Is poker a sport? The question was first mooted back in 2005 when representatives of the poker industry, and boxing promoter Barry Hearn, led a bid to have poker added to the 2012 London Olympics. Hearn was quoted as saying, ‘Poker is one of the most popular sports on the planet and deserves its place in Olympic history. We bring more to the party than solo synchronised swimming, that’s for sure.’
Well indeed, but the fact that solo synchronised swimming was cast out of the Olympics in 1992 didn’t help there. Poker didn’t make the shortlist. Karate, squash, golf, roller sports and rugby sevens did, and none of them made it past the Olympic committee either.
The dictionary definition doesn’t clear things up. The Collins English Dictionary states a sport is: ‘An individual or group activity pursued for exercise or pleasure, often involving the testing of physical capabilities and taking the form of a competitive game.’
You can shoehorn poker into this, but the same could be said for Monopoly. Or Hungry Hippos. In most people’s minds, sport involves some sort of physical exertion, but few would argue that darts and snooker aren’t sports.

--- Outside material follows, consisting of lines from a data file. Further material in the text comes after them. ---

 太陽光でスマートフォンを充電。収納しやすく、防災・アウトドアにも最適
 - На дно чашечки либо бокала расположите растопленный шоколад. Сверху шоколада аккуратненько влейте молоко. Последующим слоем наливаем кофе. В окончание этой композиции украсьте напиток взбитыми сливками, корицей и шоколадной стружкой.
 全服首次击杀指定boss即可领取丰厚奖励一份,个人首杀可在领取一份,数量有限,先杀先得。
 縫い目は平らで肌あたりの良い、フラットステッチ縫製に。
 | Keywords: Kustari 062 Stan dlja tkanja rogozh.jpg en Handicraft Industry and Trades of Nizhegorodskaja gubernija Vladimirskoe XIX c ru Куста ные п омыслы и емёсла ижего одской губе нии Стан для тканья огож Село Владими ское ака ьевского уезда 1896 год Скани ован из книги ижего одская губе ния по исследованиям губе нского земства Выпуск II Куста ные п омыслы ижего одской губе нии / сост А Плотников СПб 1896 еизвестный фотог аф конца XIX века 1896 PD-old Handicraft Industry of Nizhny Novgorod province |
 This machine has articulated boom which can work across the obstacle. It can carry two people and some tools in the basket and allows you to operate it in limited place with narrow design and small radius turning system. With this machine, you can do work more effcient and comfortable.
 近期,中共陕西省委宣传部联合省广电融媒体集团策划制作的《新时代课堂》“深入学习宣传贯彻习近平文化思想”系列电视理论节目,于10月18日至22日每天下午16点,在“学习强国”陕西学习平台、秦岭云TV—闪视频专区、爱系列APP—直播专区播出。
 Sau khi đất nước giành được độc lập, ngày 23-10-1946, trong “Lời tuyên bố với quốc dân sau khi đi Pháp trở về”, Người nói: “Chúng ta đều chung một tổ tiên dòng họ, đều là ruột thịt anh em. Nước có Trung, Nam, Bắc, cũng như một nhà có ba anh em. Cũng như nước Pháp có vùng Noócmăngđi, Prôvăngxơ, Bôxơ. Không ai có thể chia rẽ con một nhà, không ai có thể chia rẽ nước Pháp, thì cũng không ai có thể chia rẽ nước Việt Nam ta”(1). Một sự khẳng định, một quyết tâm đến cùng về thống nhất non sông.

What does it matter? Tell the rounders of old they were athletes and you’d get shot. But recognising poker as a sport goes deeper. Some see it as the only way to legitimise it, grow the game and get true mainstream support. Enter Alex Dreyfus.
Dreyfus is the head of the Global Poker Index and the man who’s making the most serious bid ever to ‘sportify poker’. He’s just announced what he sees as the ‘last piece of the puzzle’ – the Global Poker League.

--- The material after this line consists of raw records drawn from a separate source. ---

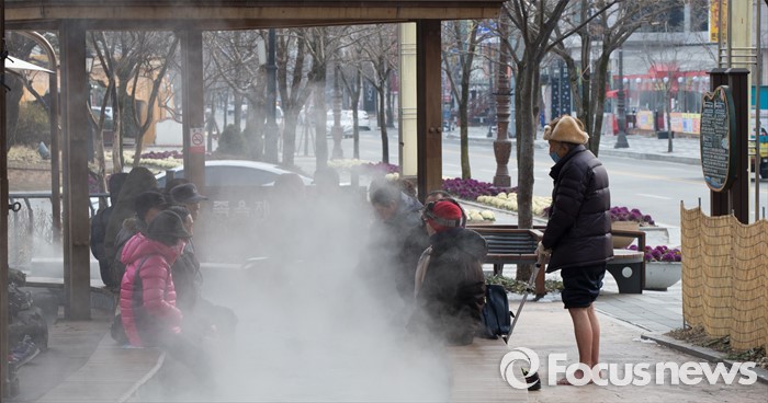 (대전=포커스뉴스) 절기상 대한인 21일 오전 대전 유성구 족욕체험장에서 영하의 강추위에도 불구하고 시민들이 온천수에 발을 담그고 몸을 녹이고 있다.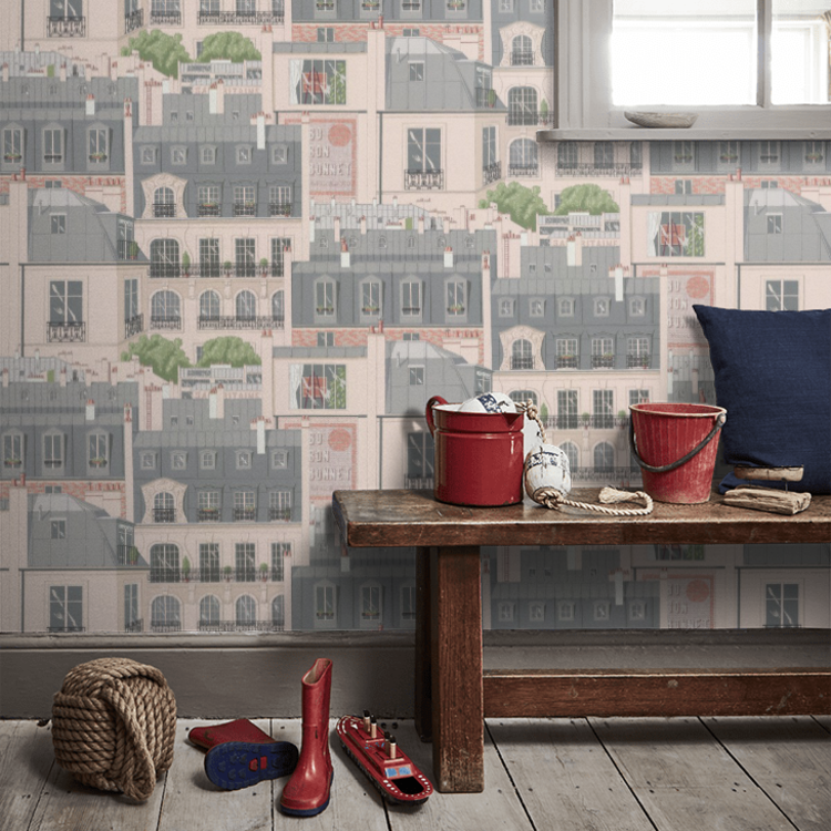 The roofs of Paris, a nice design of houses in Parisian style. Shown here in the slate gray color Ardoise. Request sample for true color match. Wide paper size.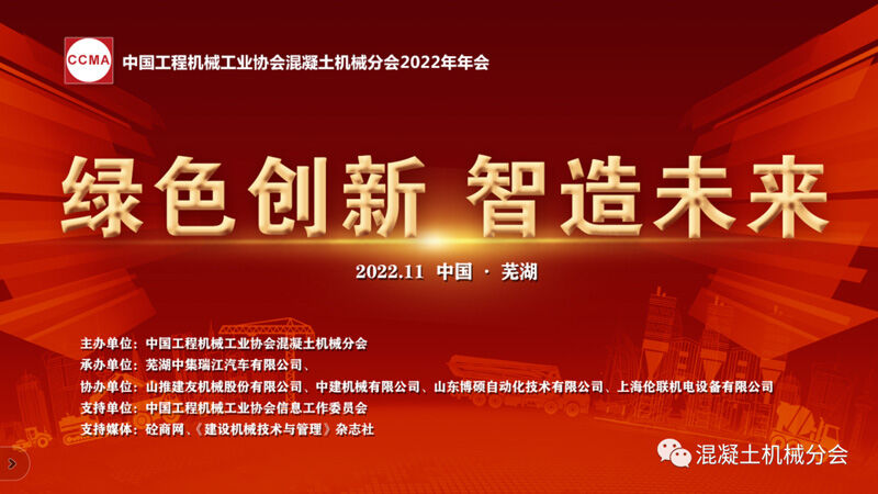 2022年11月17日至19日,以“綠色創(chuàng)新 智造未來”為主題的中國(guó)工程機(jī)械工業(yè)協(xié)會(huì)混凝土機(jī)械分會(huì)2022年年會(huì)在安徽蕪湖隆重舉行。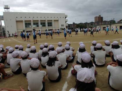 本日、運動会の全体練習2日目でしたが、練習開始後すぐに、雨が降りだしてすぐに校舎内に避難しました。瞬く間に、大雨となり中止になりました。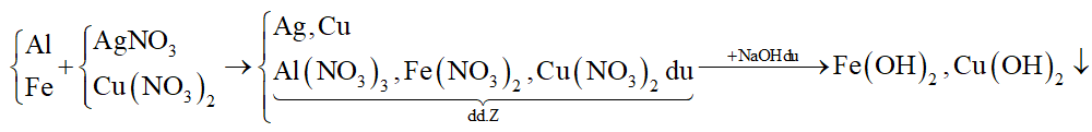 Cho hỗn hợp X gồm bột Al, Fe vào dung dịch chứa AgNO3 và Cu(NO3)2, sau phản ứng thu được hỗn hợp Y gồm 2 kim loại và dung dịch Z. Cho NaOH loãng, dư vào dung dịch Z thu được 2 kết tủa gồm 2 hidroxit kim loại. Dung dịch Z có chứa những chất nào sau đây?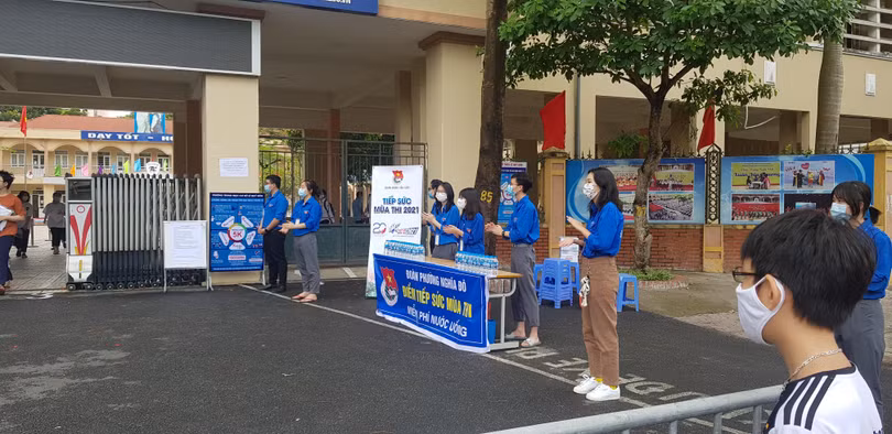 Những thí sinh đầu tiên làm xong bài ra về trong sự vỗ tay chúc mừng của đội thanh niên tình nguyện tiếp sức mùa thi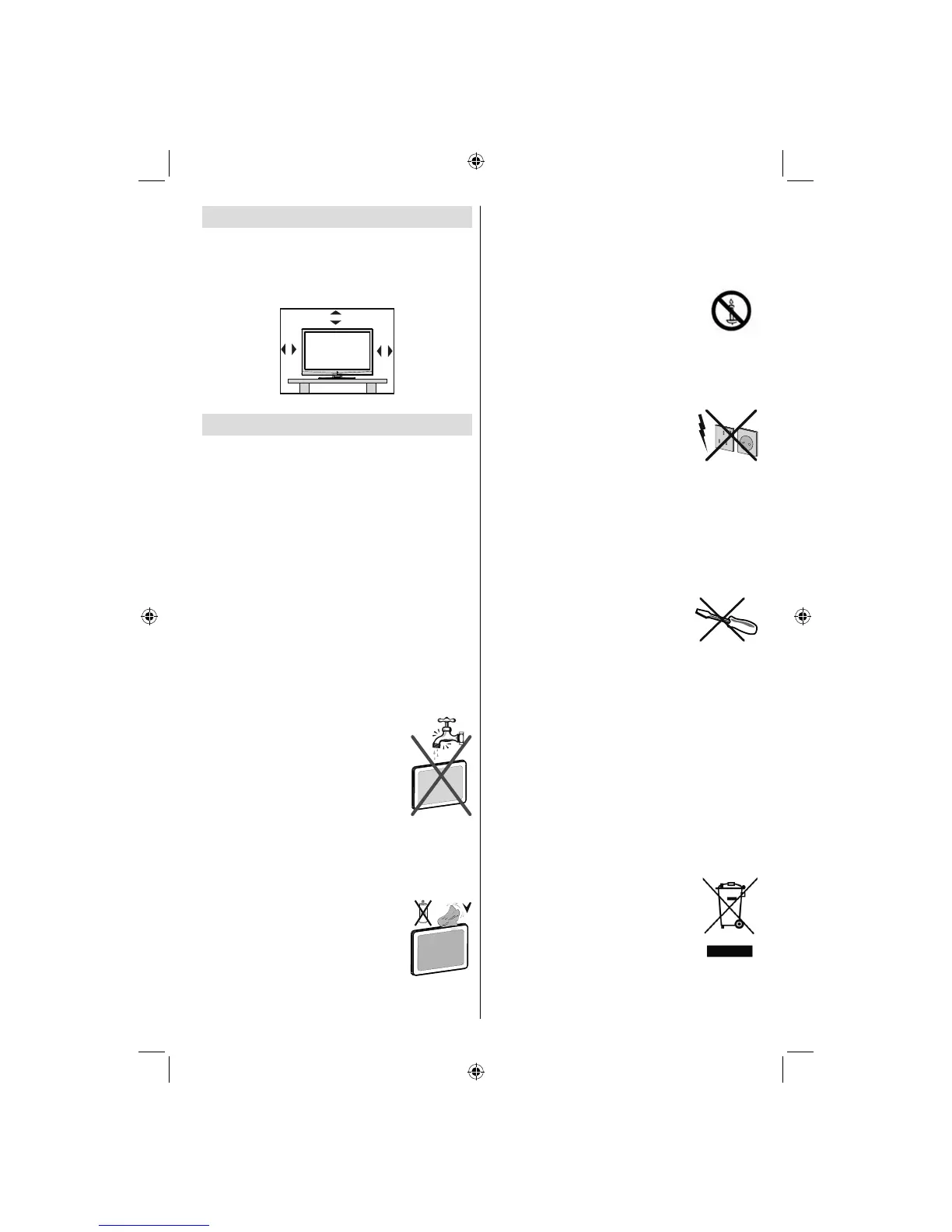 Do not place the set, a piece of furniture, etc. on the

The GPL is a series of live events with six to eight teams ‘competing against each other with initial seasons lasting three to four months.’ Dreyfus has pitched it to potential franchise owners and is confident it will launch in 2015. The concept will have most poker fans salivating.

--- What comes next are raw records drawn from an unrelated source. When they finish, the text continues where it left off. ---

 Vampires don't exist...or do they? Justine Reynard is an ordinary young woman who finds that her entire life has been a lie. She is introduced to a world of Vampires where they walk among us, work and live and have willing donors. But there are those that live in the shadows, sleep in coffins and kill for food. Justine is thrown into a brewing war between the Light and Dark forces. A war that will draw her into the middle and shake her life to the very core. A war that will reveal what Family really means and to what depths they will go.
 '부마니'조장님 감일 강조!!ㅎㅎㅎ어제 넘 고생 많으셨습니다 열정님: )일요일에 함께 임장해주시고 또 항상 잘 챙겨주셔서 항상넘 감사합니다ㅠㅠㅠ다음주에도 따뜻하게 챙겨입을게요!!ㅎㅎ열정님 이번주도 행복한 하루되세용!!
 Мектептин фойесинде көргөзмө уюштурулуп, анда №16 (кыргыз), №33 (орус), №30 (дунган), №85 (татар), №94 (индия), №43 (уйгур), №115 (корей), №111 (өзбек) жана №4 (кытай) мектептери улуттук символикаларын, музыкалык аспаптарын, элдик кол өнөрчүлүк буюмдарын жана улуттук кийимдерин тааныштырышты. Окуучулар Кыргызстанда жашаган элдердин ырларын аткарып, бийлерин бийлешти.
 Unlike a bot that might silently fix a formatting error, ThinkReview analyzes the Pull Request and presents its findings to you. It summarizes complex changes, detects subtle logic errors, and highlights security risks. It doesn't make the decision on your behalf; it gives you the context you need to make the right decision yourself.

But would other people watch it? This is crucial. ESPN – ‘Worldwide Leaders In Sports’ – certainly thinks they would. It’s invested huge sums of money in showing the WSOP each year, and there’s no doubt the edited highlights make for great TV.
But is it a sport?
Ask the man on the street and he’ll say no. A recent survey on reddit saw 460 people rank 53 activities with the question, ‘Is it a sport?’ Poker came last, behind chess, cheerleading and competitive eating.
Ultimately it comes down to opinion and influence. We think it’s a game. At a push it’s a mind sport. But Dreyfus is a man with a mission. He thinks the real question isn’t whether poker is a sport, but whether it should be promoted as one.
With the US waiting in the wings the time is right for a second poker boom. We need new players to grow and that will come from mainstream coverage. But what will it take to convince people? The Global Poker Index has already carved out the official rankings. The Global Poker League could indeed be the missing part of the puzzle. The big question is whether the Global Poker Index, and Alex Dreyfus, can deliver. We think they can.